■ What is needed ■
Beginning at the line that holds "高級立食い寿司…最近新橋界隈" and continuing to the last line of the data below, transcribe every line word for word, without pictures.

■ Data segment ■
- - - - -

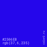 Цвет #2506EB в цветовой модели RGB обозначается тремя октетами (37, 6, 235) в десятичном формате и #2506EB в шестнадцатиричном (hex) формате, которые являются интенсивностью красного 37 (hex 25), интенсивность зелёного 6 (hex 06) и интенсивность синего 235 (hex EB).
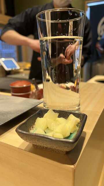 高級立食い寿司…最近新橋界隈でも流行っていて、人気店がありますが、もうなかなか予約がとれなかったりするので、オープン直後はチャンス!!とばかりに、寿司好きな友人に声をかけて予約しました。ランチの時間とディナーの時間、どちらもメニューは同じで基本予約制とのことでした。立ちですが「席」人数が限られていて計8席、4人1組で交互に回転するような予約制だそうです。ただ予約がない「立席」が空いていて、時間帯に通りすがりに来られた人おひとりおふたりくらいなら、入店可能だそうです。
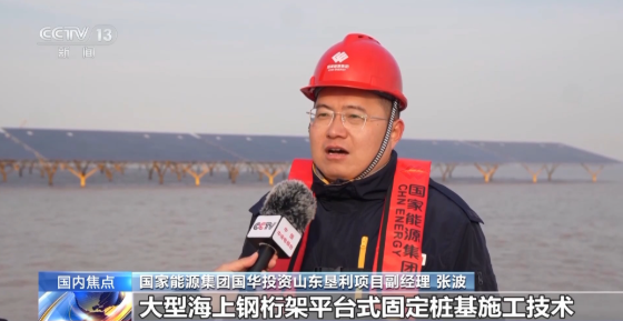 國家能源集團國華投資山東墾利項目副經理 張波:項目在全國創新應用大型海上鋼桁架平臺式固定樁基施工技術,采用“四樁基礎+光伏平臺”優化結構,平臺傾角為精準調校的15度,不僅能抵抗11級強風和冬季冰情,還能節約項目用鋼量超10%,為同類項目開發建設提供經驗借鑒。

- - - - -

■ Result below ■
 高級立食い寿司…最近新橋界隈でも流行っていて、人気店がありますが、もうなかなか予約がとれなかったりするので、オープン直後はチャンス!!とばかりに、寿司好きな友人に声をかけて予約しました。ランチの時間とディナーの時間、どちらもメニューは同じで基本予約制とのことでした。立ちですが「席」人数が限られていて計8席、4人1組で交互に回転するような予約制だそうです。ただ予約がない「立席」が空いていて、時間帯に通りすがりに来られた人おひとりおふたりくらいなら、入店可能だそうです。
 國家能源集團國華投資山東墾利項目副經理 張波:項目在全國創新應用大型海上鋼桁架平臺式固定樁基施工技術,采用“四樁基礎+光伏平臺”優化結構,平臺傾角為精準調校的15度,不僅能抵抗11級強風和冬季冰情,還能節約項目用鋼量超10%,為同類項目開發建設提供經驗借鑒。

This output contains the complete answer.